Then when it comes time to get the count of items matching query x,
do
  count1 = searcher.numDocs(x,TermQuery(term1))
  count2 = searcher.numDocs(x,TermQuery(term2))
  ...

Solr will check the filter cache for "x" and for the TermQuery facets,
and generate them on the fly if they are not found.

What you loose:
  - teeny bit of performance because each facet gets looked up in a
HashMap (I've profiled... this has been negligible for us)

What you gain:
 - re-use of the filtercache (including the filter for the base
query), much faster intersections with less average memory usage &
less garbage produced
 - an ability to easily cap the number of filters used for the facets,
allowing a gradual reduction in performance as cache hits lower,
rather than an OOM.

> The question still remains - why isn't my cache available from a
> firstSearcher .newSearcher() method?  The cache is created prior (as
> noted in the console output).

Great question... it should be, as it's created and registered in the
SolrIndexSearcher constructor.  is the cache .name() returning the
right thing?

-Yonik
Reply | Threaded
Open this post in threaded view
|

Re: request handler and caches

Chris Hostetter-3

: Great question... it should be, as it's created and registered in the
: SolrIndexSearcher constructor.  is the cache .name() returning the
: right thing?

I was just about to ask that. it wasn't untill i started digging into
CacheCOnfig and SolrIndexSearcher because of this thread that i realized
it doesn't matter what "name" attribute you give your cache in the config,
the SolrCache implimentation itself is responsible for specifying the name
that can be used to access the searcher with SolrIndexSearcher.getCache()

if you define your MyCache.name function to be...

   public String name() { return "foo"; }

then even if you have...

     <cache name="facet_cache"
       class="org.foo.MyCache"
     />

...you'll access your cache using the name "foo".
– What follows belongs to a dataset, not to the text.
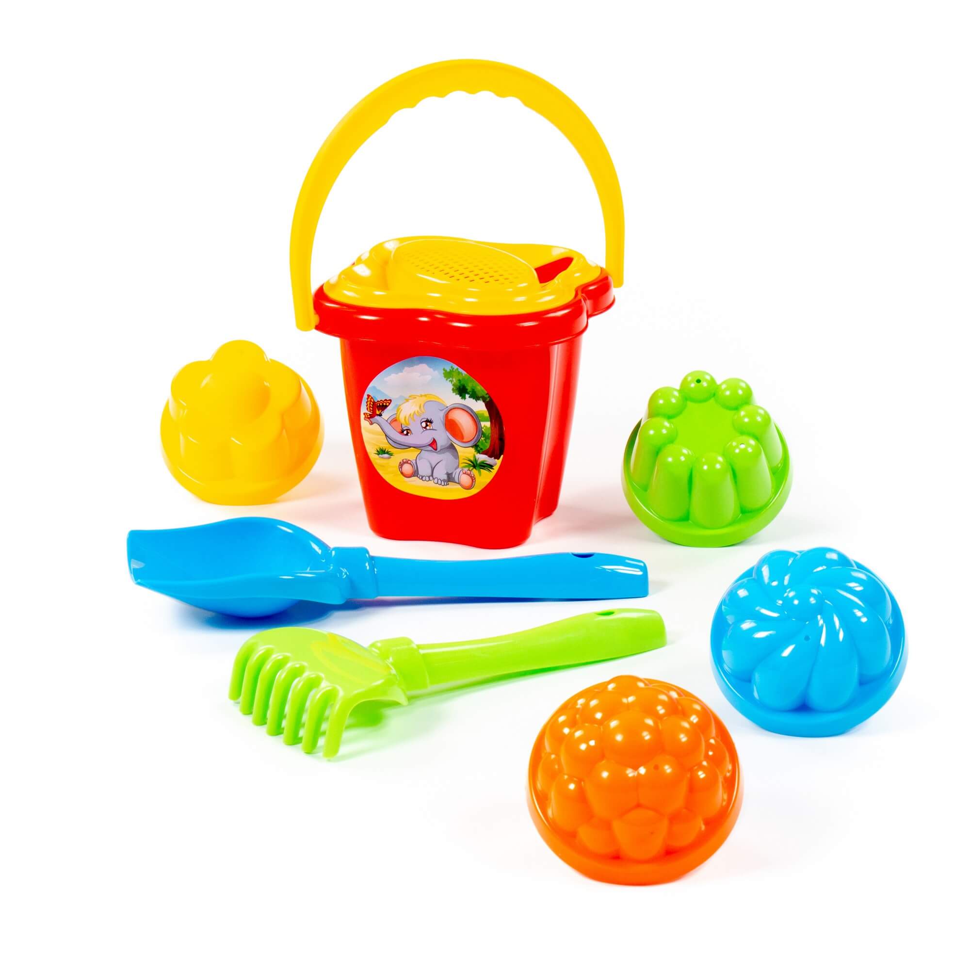 Набор №142: ведро-цветок среднее, ситечко-цветок, лопатка №5, грабельки №5, 4 формочки

if you want to pay attention to the name specified i nteh config, that's
the responsability of your init method to get it from the Map or args.

(you didn't mention what your name() method looks like, but you did
include your init method, and i can see you aren't looking at the Map at
all)



-Hoss

Reply | Threaded
Open this post in threaded view
|

Re: request handler and caches

Erik Hatcher

On May 10, 2006, at 5:31 PM, Chris Hostetter wrote:

>
> : Great question... it should be, as it's created and registered in  
> the
> : SolrIndexSearcher constructor.  is the cache .name() returning the
> : right thing?
>
> I was just about to ask that. it wasn't untill i started digging into
> CacheCOnfig and SolrIndexSearcher because of this thread that i  
> realized
> it doesn't matter what "name" attribute you give your cache in the  
> config,
> the SolrCache implimentation itself is responsible for specifying  
> the name
> that can be used to access the searcher with  
> SolrIndexSearcher.getCache()
>
> if you define your MyCache.name function to be...
>
>    public String name() { return "foo"; }
>
> then even if you have...
>
>      <cache name="facet_cache"
>        class="org.foo.MyCache"
>      />
>
> ...you'll access your cache using the name "foo".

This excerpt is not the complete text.